> WHAT YOU ARE ASKED TO DO: Retype the whole listing exactly. Leave out pictures.

> RAW DATA:
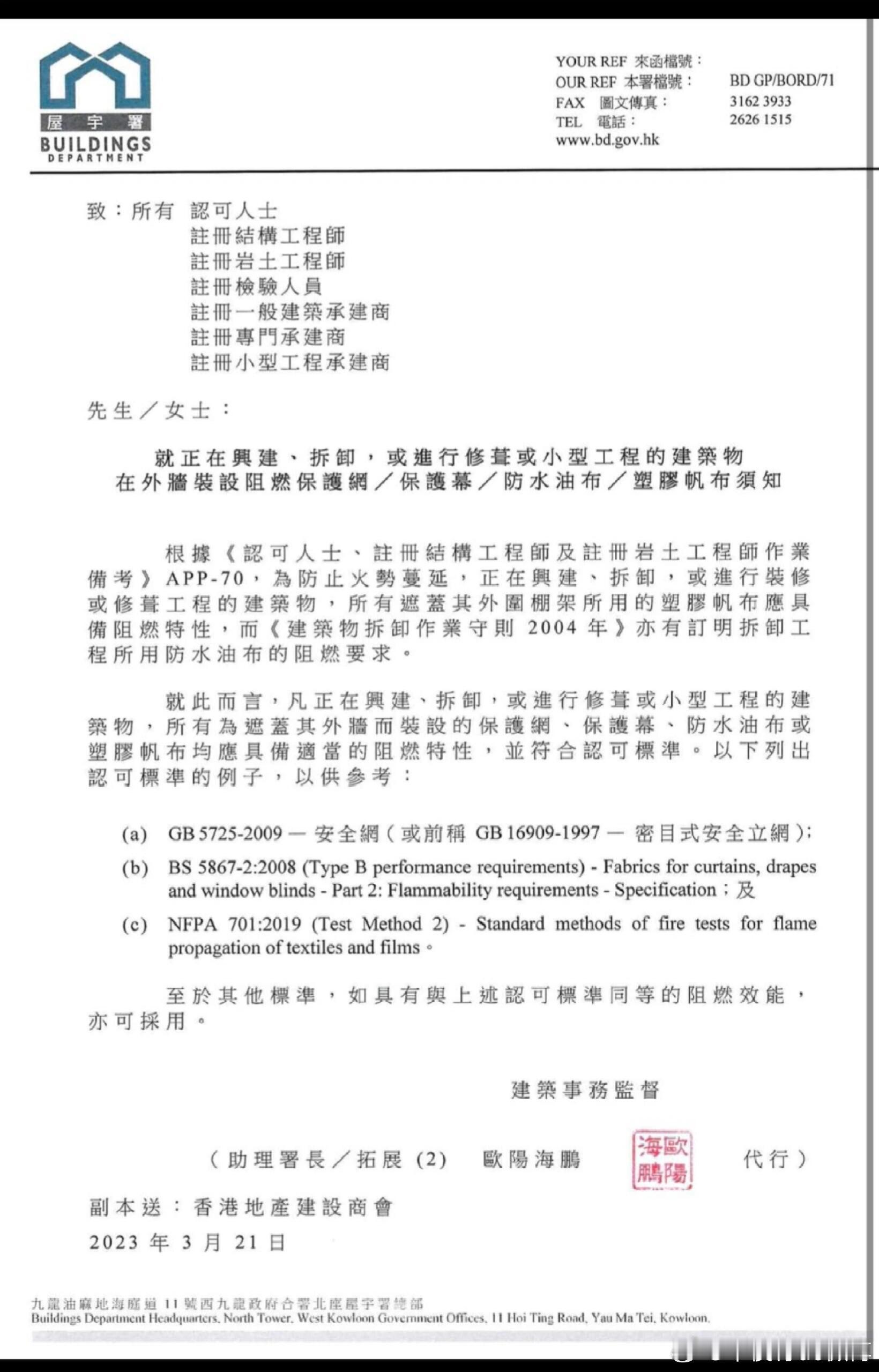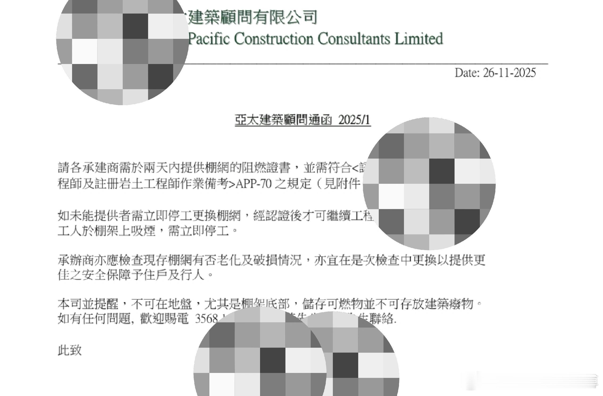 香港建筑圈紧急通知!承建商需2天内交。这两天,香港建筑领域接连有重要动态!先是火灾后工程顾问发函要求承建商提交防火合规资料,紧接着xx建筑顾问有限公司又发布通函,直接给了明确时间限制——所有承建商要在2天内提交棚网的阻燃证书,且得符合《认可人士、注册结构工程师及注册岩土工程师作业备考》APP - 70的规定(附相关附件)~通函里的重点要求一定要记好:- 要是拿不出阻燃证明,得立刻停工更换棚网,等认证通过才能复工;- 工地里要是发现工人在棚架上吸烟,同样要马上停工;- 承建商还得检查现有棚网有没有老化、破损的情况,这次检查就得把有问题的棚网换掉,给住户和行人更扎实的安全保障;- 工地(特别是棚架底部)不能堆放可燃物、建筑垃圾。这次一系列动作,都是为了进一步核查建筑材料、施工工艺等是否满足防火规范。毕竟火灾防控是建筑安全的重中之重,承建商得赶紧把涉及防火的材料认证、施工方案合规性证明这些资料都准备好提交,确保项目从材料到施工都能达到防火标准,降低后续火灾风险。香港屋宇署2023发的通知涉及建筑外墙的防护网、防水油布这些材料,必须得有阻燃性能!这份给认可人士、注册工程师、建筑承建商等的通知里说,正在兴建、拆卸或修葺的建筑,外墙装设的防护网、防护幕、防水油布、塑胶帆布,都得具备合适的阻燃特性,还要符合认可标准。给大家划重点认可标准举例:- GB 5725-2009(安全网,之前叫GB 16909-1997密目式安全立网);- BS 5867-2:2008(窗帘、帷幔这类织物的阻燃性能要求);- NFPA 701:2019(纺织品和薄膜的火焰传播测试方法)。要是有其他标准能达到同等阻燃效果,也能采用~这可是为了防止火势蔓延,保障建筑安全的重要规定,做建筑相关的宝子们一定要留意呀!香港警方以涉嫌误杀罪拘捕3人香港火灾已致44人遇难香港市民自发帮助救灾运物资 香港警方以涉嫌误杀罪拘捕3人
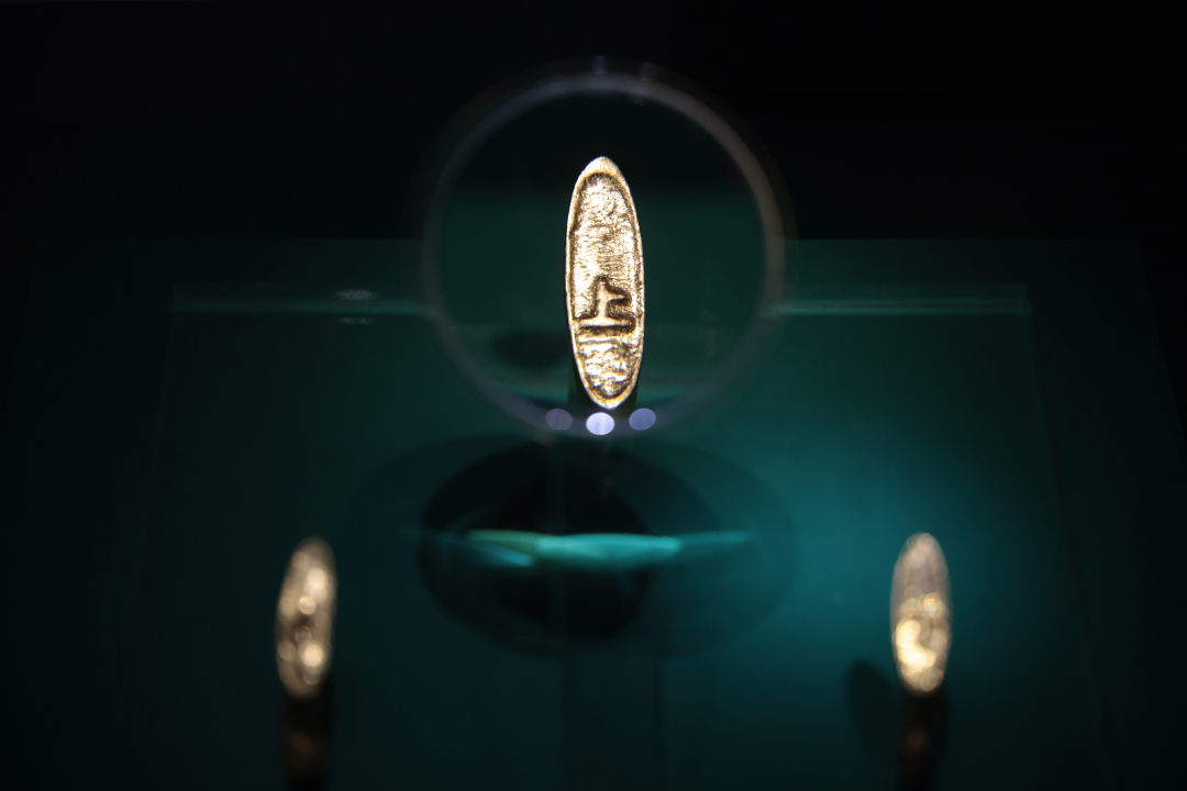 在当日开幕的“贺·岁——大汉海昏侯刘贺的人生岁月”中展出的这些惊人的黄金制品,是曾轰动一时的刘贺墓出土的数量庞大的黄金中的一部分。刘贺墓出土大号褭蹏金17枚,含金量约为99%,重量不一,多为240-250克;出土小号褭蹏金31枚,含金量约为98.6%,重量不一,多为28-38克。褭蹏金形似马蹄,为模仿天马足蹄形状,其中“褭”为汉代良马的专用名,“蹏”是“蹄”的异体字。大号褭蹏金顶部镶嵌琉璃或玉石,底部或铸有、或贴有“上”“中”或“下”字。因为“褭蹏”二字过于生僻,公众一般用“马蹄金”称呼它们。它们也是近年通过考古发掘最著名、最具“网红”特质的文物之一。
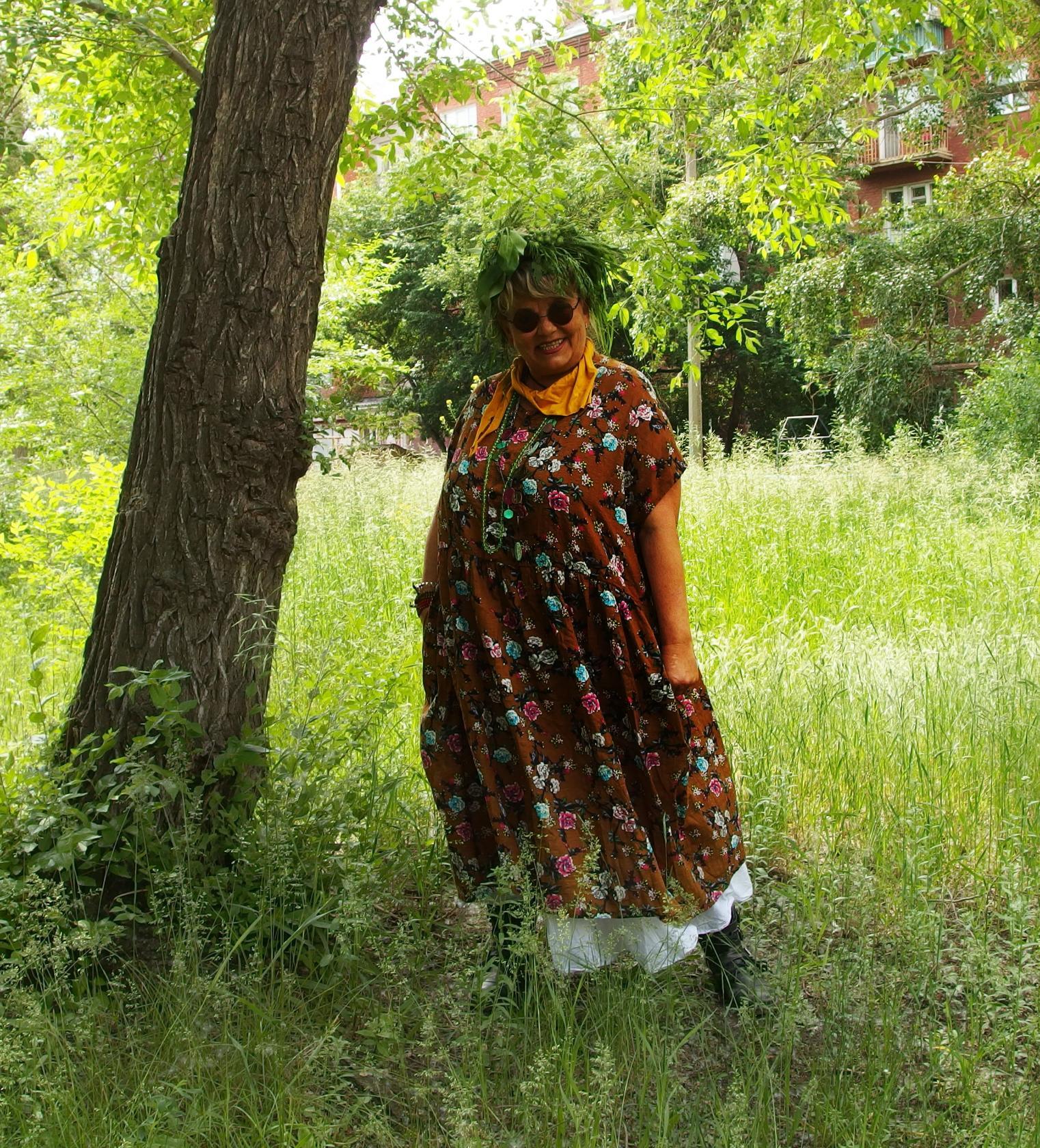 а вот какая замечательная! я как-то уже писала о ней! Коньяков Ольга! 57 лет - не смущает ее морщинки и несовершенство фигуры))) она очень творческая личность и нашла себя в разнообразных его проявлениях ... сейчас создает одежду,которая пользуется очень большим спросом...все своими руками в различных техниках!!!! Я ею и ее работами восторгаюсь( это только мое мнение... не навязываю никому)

> RESPONSE TO THE EXERCISE:
 香港建筑圈紧急通知!承建商需2天内交。这两天,香港建筑领域接连有重要动态!先是火灾后工程顾问发函要求承建商提交防火合规资料,紧接着xx建筑顾问有限公司又发布通函,直接给了明确时间限制——所有承建商要在2天内提交棚网的阻燃证书,且得符合《认可人士、注册结构工程师及注册岩土工程师作业备考》APP - 70的规定(附相关附件)~通函里的重点要求一定要记好:- 要是拿不出阻燃证明,得立刻停工更换棚网,等认证通过才能复工;- 工地里要是发现工人在棚架上吸烟,同样要马上停工;- 承建商还得检查现有棚网有没有老化、破损的情况,这次检查就得把有问题的棚网换掉,给住户和行人更扎实的安全保障;- 工地(特别是棚架底部)不能堆放可燃物、建筑垃圾。这次一系列动作,都是为了进一步核查建筑材料、施工工艺等是否满足防火规范。毕竟火灾防控是建筑安全的重中之重,承建商得赶紧把涉及防火的材料认证、施工方案合规性证明这些资料都准备好提交,确保项目从材料到施工都能达到防火标准,降低后续火灾风险。香港屋宇署2023发的通知涉及建筑外墙的防护网、防水油布这些材料,必须得有阻燃性能!这份给认可人士、注册工程师、建筑承建商等的通知里说,正在兴建、拆卸或修葺的建筑,外墙装设的防护网、防护幕、防水油布、塑胶帆布,都得具备合适的阻燃特性,还要符合认可标准。给大家划重点认可标准举例:- GB 5725-2009(安全网,之前叫GB 16909-1997密目式安全立网);- BS 5867-2:2008(窗帘、帷幔这类织物的阻燃性能要求);- NFPA 701:2019(纺织品和薄膜的火焰传播测试方法)。要是有其他标准能达到同等阻燃效果,也能采用~这可是为了防止火势蔓延,保障建筑安全的重要规定,做建筑相关的宝子们一定要留意呀!香港警方以涉嫌误杀罪拘捕3人香港火灾已致44人遇难香港市民自发帮助救灾运物资 香港警方以涉嫌误杀罪拘捕3人
 在当日开幕的“贺·岁——大汉海昏侯刘贺的人生岁月”中展出的这些惊人的黄金制品,是曾轰动一时的刘贺墓出土的数量庞大的黄金中的一部分。刘贺墓出土大号褭蹏金17枚,含金量约为99%,重量不一,多为240-250克;出土小号褭蹏金31枚,含金量约为98.6%,重量不一,多为28-38克。褭蹏金形似马蹄,为模仿天马足蹄形状,其中“褭”为汉代良马的专用名,“蹏”是“蹄”的异体字。大号褭蹏金顶部镶嵌琉璃或玉石,底部或铸有、或贴有“上”“中”或“下”字。因为“褭蹏”二字过于生僻,公众一般用“马蹄金”称呼它们。它们也是近年通过考古发掘最著名、最具“网红”特质的文物之一。
 а вот какая замечательная! я как-то уже писала о ней! Коньяков Ольга! 57 лет - не смущает ее морщинки и несовершенство фигуры))) она очень творческая личность и нашла себя в разнообразных его проявлениях ... сейчас создает одежду,которая пользуется очень большим спросом...все своими руками в различных техниках!!!! Я ею и ее работами восторгаюсь( это только мое мнение... не навязываю никому)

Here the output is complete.